No house was near; no one was passing whom I could consult; and no earthly right existed on my part to give me a power of control over her, even if I had known how to exercise it. I trace these lines, self-distrustfully, with the shadows of after-events darkening the very paper I write on; and still I say, what could I do?
What I did do, was to try and gain time by questioning her.
"Are you sure that your friend in London will receive you at such a late hour as this?" I said.
"Quite sure. Only say you will let me leave you when and how I please—only say you won't interfere with me. Will you promise?"
As she repeated the words for the third time, she came close to me and laid her hand, with a sudden gentle stealthiness, on my bosom—a thin hand; a cold hand (when I removed it with mine) even on that sultry night. Remember that I was young; remember that the hand which touched me was a woman's.
"Will you promise?"
One word! The little familiar word that is on everybody's lips, every hour in the day. Oh me! and I tremble, now, when I write it.
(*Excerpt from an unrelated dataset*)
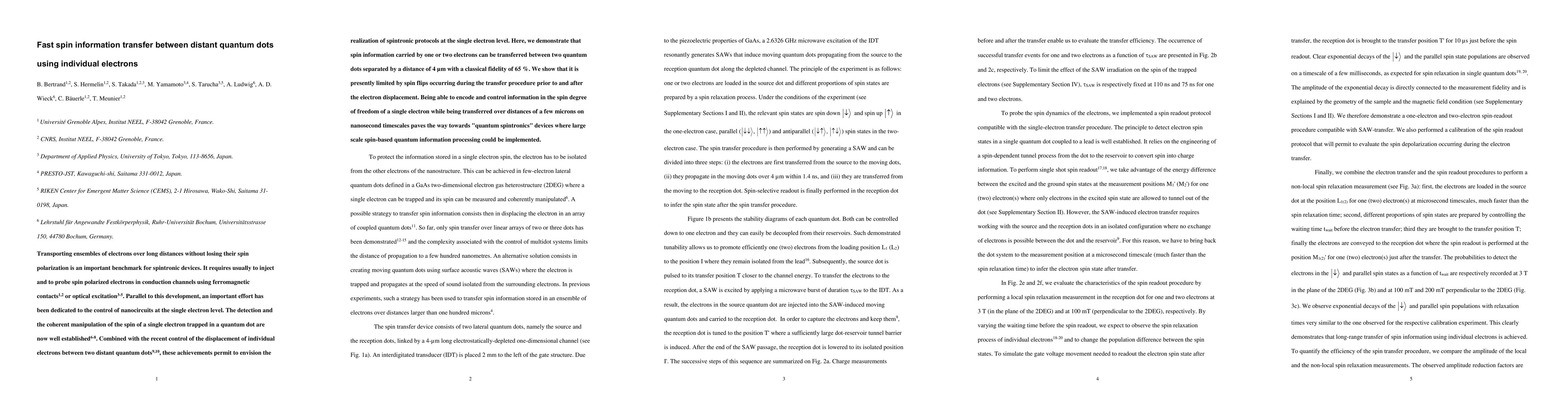 This paper demonstrates the transfer of spin information between distant quantum dots using individual electrons, achieving a classical fidelity of 65%. The study highlights the potential for "quantum spintronics" devices by showing the ability to encode and manipulate spin information over micrometer distances on nanosecond timescales.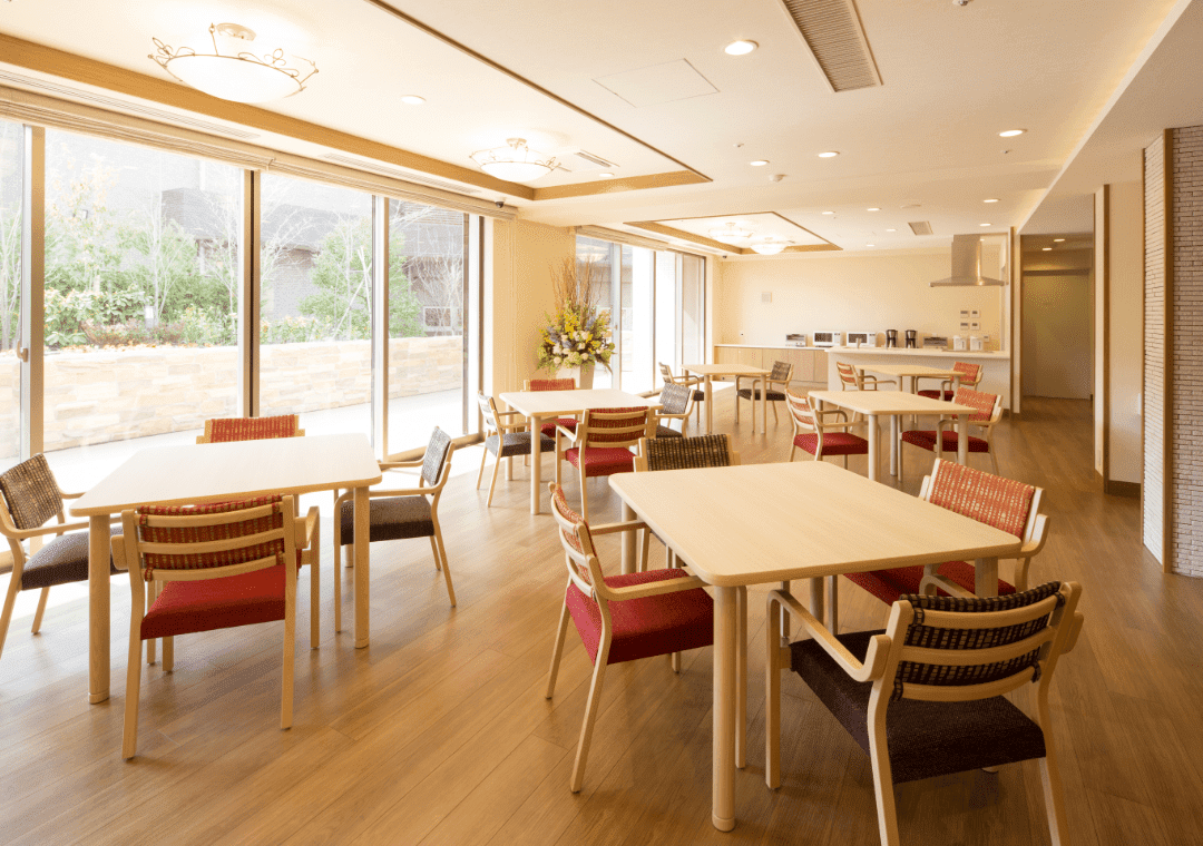 ご入居者やスタッフが集まるデイルームは、明るく開放的で、上質で落ち着いたインテリアを取り揃えているため、日々の生活を通して、安心感や安らぎを感じていただける空間をご用意しております。

We set our faces towards London, and walked on together in the first still hour of the new day—I, and this woman, whose name, whose character, whose story, whose objects in life, whose very presence by my side, at that moment, were fathomless mysteries to me. It was like a dream. Was I Walter Hartright? Was this the well-known, uneventful road, where holiday people strolled on Sundays? Had I really left, little more than an hour since, the quiet, decent, conventionally domestic atmosphere of my mother's cottage? I was too bewildered—too conscious also of a vague sense of something like self-reproach—to speak to my strange companion for some minutes. It was her voice again that first broke the silence between us.
"I want to ask you something," she said suddenly. "Do you know many people in London?"
"Yes, a great many."
"Many men of rank and title?" There was an unmistakable tone of suspicion in the strange question. I hesitated about answering it.
"Some," I said, after a moment's silence.
"Many"—she came to a full stop, and looked me searchingly in the face—"many men of the rank of Baronet?"